TASK TO CARRY OUT — Please go line by line and repeat the data below exactly, with no images.

★ ★ ★ ★ ★

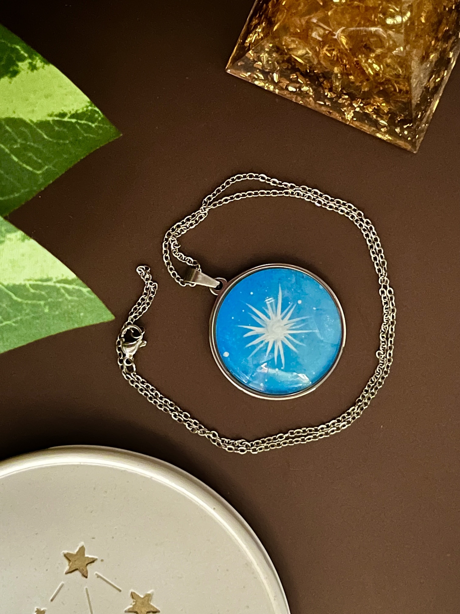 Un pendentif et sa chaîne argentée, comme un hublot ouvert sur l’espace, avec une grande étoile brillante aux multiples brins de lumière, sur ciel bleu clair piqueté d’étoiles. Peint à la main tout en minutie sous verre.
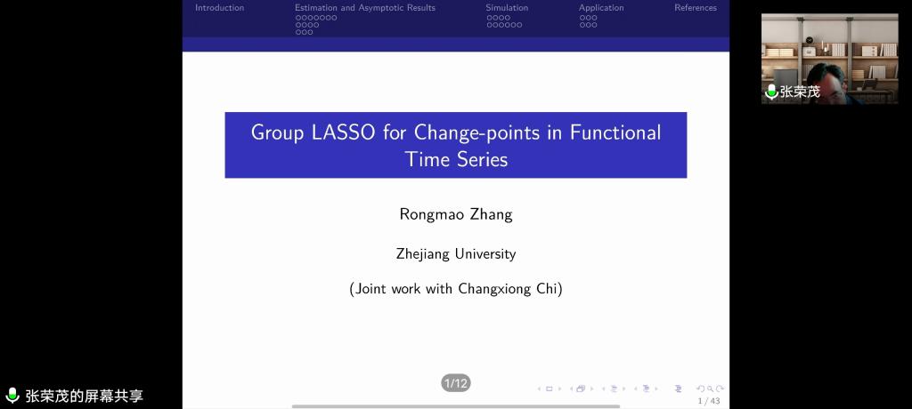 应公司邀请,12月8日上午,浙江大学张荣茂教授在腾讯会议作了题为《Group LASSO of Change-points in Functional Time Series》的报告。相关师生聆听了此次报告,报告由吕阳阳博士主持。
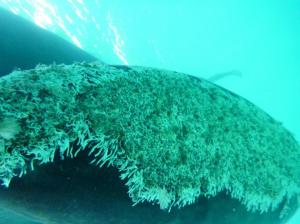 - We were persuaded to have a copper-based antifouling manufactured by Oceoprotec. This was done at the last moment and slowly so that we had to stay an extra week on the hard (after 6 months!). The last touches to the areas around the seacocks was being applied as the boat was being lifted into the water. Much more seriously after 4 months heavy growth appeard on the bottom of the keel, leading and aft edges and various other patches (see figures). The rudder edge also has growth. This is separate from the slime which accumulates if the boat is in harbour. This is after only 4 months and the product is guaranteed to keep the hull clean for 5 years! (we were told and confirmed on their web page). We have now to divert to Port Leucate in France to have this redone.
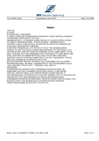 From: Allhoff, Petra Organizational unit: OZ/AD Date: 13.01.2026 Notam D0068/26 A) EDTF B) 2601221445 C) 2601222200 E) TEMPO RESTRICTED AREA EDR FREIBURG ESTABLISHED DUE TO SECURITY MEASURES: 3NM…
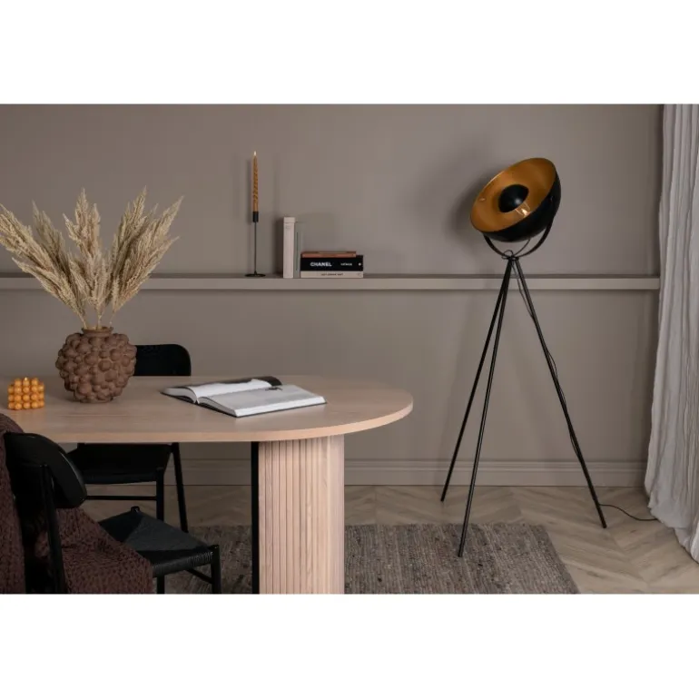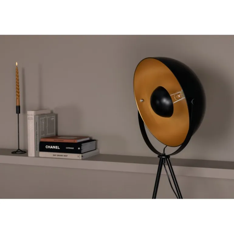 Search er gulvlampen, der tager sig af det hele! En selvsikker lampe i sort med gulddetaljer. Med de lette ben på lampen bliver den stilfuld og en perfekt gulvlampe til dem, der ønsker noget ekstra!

★ ★ ★ ★ ★

ANSWER SPACE —
 Un pendentif et sa chaîne argentée, comme un hublot ouvert sur l’espace, avec une grande étoile brillante aux multiples brins de lumière, sur ciel bleu clair piqueté d’étoiles. Peint à la main tout en minutie sous verre.
 应公司邀请,12月8日上午,浙江大学张荣茂教授在腾讯会议作了题为《Group LASSO of Change-points in Functional Time Series》的报告。相关师生聆听了此次报告,报告由吕阳阳博士主持。
 - We were persuaded to have a copper-based antifouling manufactured by Oceoprotec. This was done at the last moment and slowly so that we had to stay an extra week on the hard (after 6 months!). The last touches to the areas around the seacocks was being applied as the boat was being lifted into the water. Much more seriously after 4 months heavy growth appeard on the bottom of the keel, leading and aft edges and various other patches (see figures). The rudder edge also has growth. This is separate from the slime which accumulates if the boat is in harbour. This is after only 4 months and the product is guaranteed to keep the hull clean for 5 years! (we were told and confirmed on their web page). We have now to divert to Port Leucate in France to have this redone.
 From: Allhoff, Petra Organizational unit: OZ/AD Date: 13.01.2026 Notam D0068/26 A) EDTF B) 2601221445 C) 2601222200 E) TEMPO RESTRICTED AREA EDR FREIBURG ESTABLISHED DUE TO SECURITY MEASURES: 3NM…
 Search er gulvlampen, der tager sig af det hele! En selvsikker lampe i sort med gulddetaljer. Med de lette ben på lampen bliver den stilfuld og en perfekt gulvlampe til dem, der ønsker noget ekstra!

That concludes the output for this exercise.